[Recorded data]
----
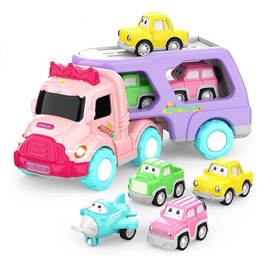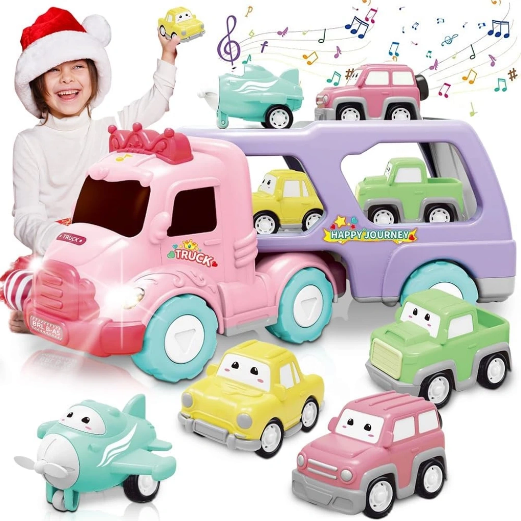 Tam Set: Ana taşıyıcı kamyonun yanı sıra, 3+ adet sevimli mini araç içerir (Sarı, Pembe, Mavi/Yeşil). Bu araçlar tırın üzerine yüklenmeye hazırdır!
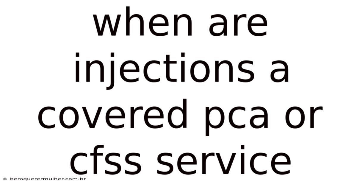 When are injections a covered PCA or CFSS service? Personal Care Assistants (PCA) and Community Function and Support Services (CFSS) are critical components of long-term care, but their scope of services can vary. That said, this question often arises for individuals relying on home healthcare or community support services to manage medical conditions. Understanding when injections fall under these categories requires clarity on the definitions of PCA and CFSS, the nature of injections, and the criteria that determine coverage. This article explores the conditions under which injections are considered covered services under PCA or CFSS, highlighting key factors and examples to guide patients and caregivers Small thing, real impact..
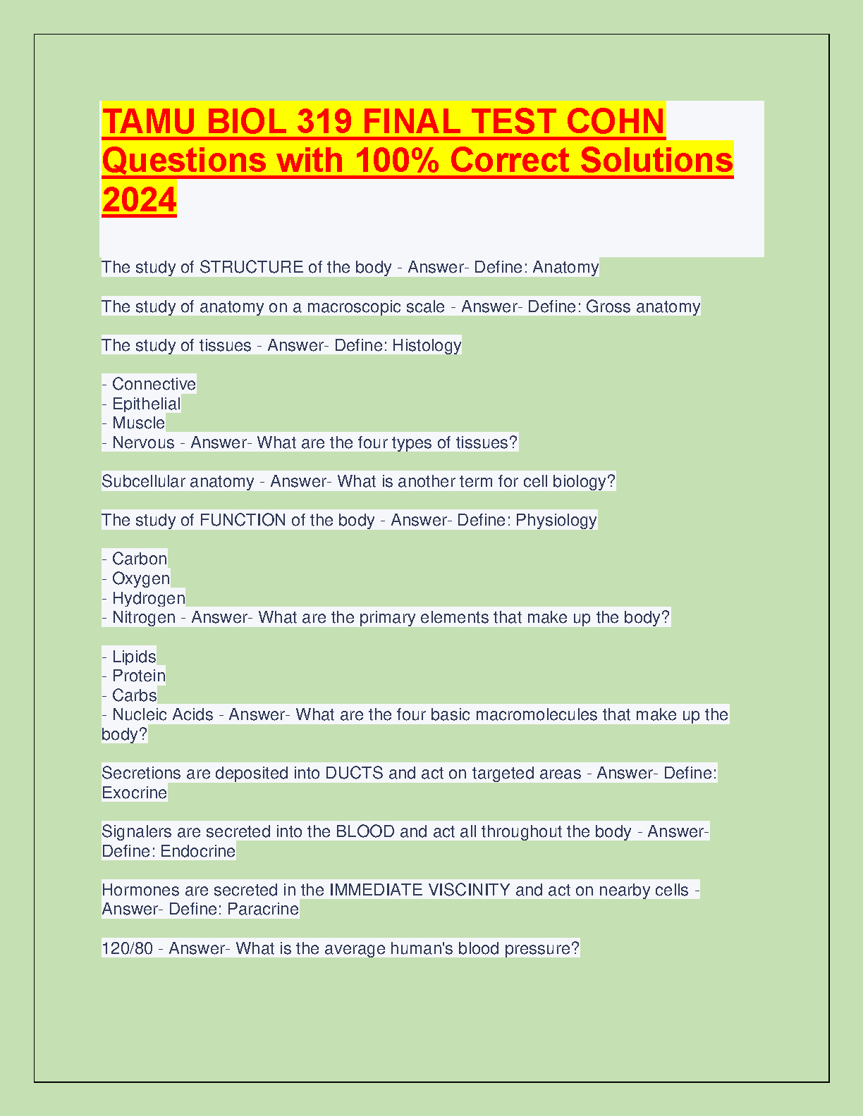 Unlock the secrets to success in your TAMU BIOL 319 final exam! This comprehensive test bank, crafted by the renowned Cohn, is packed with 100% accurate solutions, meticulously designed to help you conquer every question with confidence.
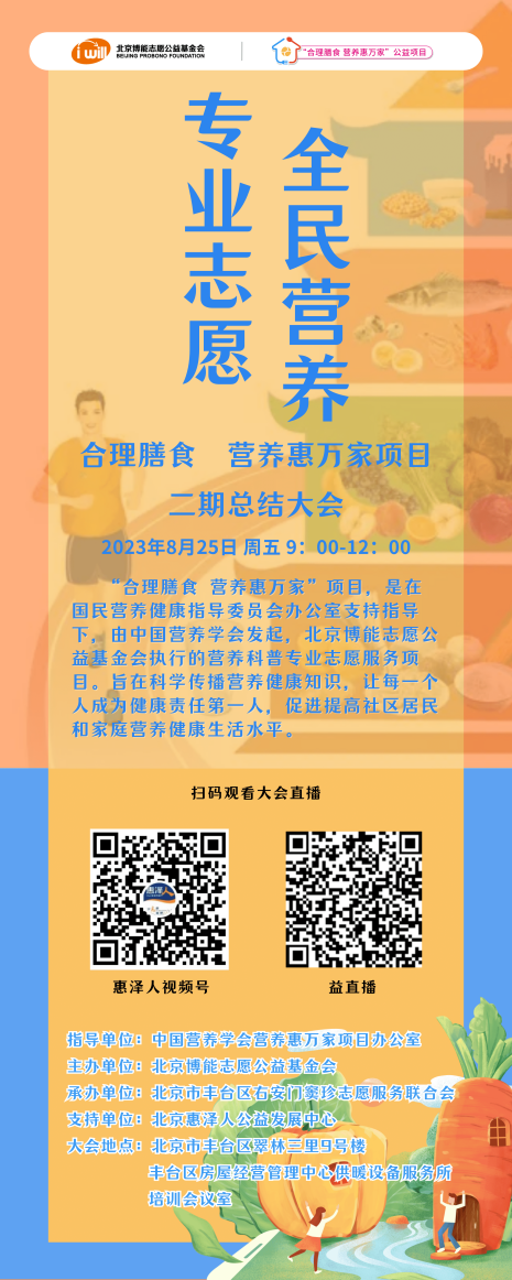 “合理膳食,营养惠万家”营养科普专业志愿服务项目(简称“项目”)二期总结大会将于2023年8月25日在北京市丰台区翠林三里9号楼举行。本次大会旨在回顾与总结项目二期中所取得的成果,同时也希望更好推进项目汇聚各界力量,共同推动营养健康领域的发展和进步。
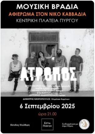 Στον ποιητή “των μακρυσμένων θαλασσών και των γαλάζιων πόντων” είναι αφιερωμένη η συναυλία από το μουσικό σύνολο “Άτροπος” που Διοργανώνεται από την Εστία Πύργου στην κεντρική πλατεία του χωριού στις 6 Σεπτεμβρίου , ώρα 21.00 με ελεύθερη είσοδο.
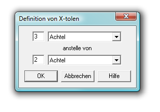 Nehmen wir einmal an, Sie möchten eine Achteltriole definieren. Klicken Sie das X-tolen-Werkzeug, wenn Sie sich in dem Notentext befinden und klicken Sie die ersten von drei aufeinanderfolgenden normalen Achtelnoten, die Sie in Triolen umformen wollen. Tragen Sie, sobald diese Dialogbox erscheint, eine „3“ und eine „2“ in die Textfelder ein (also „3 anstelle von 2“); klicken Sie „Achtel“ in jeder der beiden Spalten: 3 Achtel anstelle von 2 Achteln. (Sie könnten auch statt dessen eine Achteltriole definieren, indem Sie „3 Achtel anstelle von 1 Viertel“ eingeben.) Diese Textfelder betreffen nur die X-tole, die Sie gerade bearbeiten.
----
_Description of the task_
Repeat the records in full and exactly, leaving every picture out.

_Response to this exercise_
 Tam Set: Ana taşıyıcı kamyonun yanı sıra, 3+ adet sevimli mini araç içerir (Sarı, Pembe, Mavi/Yeşil). Bu araçlar tırın üzerine yüklenmeye hazırdır!
 When are injections a covered PCA or CFSS service? Personal Care Assistants (PCA) and Community Function and Support Services (CFSS) are critical components of long-term care, but their scope of services can vary. That said, this question often arises for individuals relying on home healthcare or community support services to manage medical conditions. Understanding when injections fall under these categories requires clarity on the definitions of PCA and CFSS, the nature of injections, and the criteria that determine coverage. This article explores the conditions under which injections are considered covered services under PCA or CFSS, highlighting key factors and examples to guide patients and caregivers Small thing, real impact..
 Unlock the secrets to success in your TAMU BIOL 319 final exam! This comprehensive test bank, crafted by the renowned Cohn, is packed with 100% accurate solutions, meticulously designed to help you conquer every question with confidence.
 “合理膳食,营养惠万家”营养科普专业志愿服务项目(简称“项目”)二期总结大会将于2023年8月25日在北京市丰台区翠林三里9号楼举行。本次大会旨在回顾与总结项目二期中所取得的成果,同时也希望更好推进项目汇聚各界力量,共同推动营养健康领域的发展和进步。
 Στον ποιητή “των μακρυσμένων θαλασσών και των γαλάζιων πόντων” είναι αφιερωμένη η συναυλία από το μουσικό σύνολο “Άτροπος” που Διοργανώνεται από την Εστία Πύργου στην κεντρική πλατεία του χωριού στις 6 Σεπτεμβρίου , ώρα 21.00 με ελεύθερη είσοδο.
 Nehmen wir einmal an, Sie möchten eine Achteltriole definieren. Klicken Sie das X-tolen-Werkzeug, wenn Sie sich in dem Notentext befinden und klicken Sie die ersten von drei aufeinanderfolgenden normalen Achtelnoten, die Sie in Triolen umformen wollen. Tragen Sie, sobald diese Dialogbox erscheint, eine „3“ und eine „2“ in die Textfelder ein (also „3 anstelle von 2“); klicken Sie „Achtel“ in jeder der beiden Spalten: 3 Achtel anstelle von 2 Achteln. (Sie könnten auch statt dessen eine Achteltriole definieren, indem Sie „3 Achtel anstelle von 1 Viertel“ eingeben.) Diese Textfelder betreffen nur die X-tole, die Sie gerade bearbeiten.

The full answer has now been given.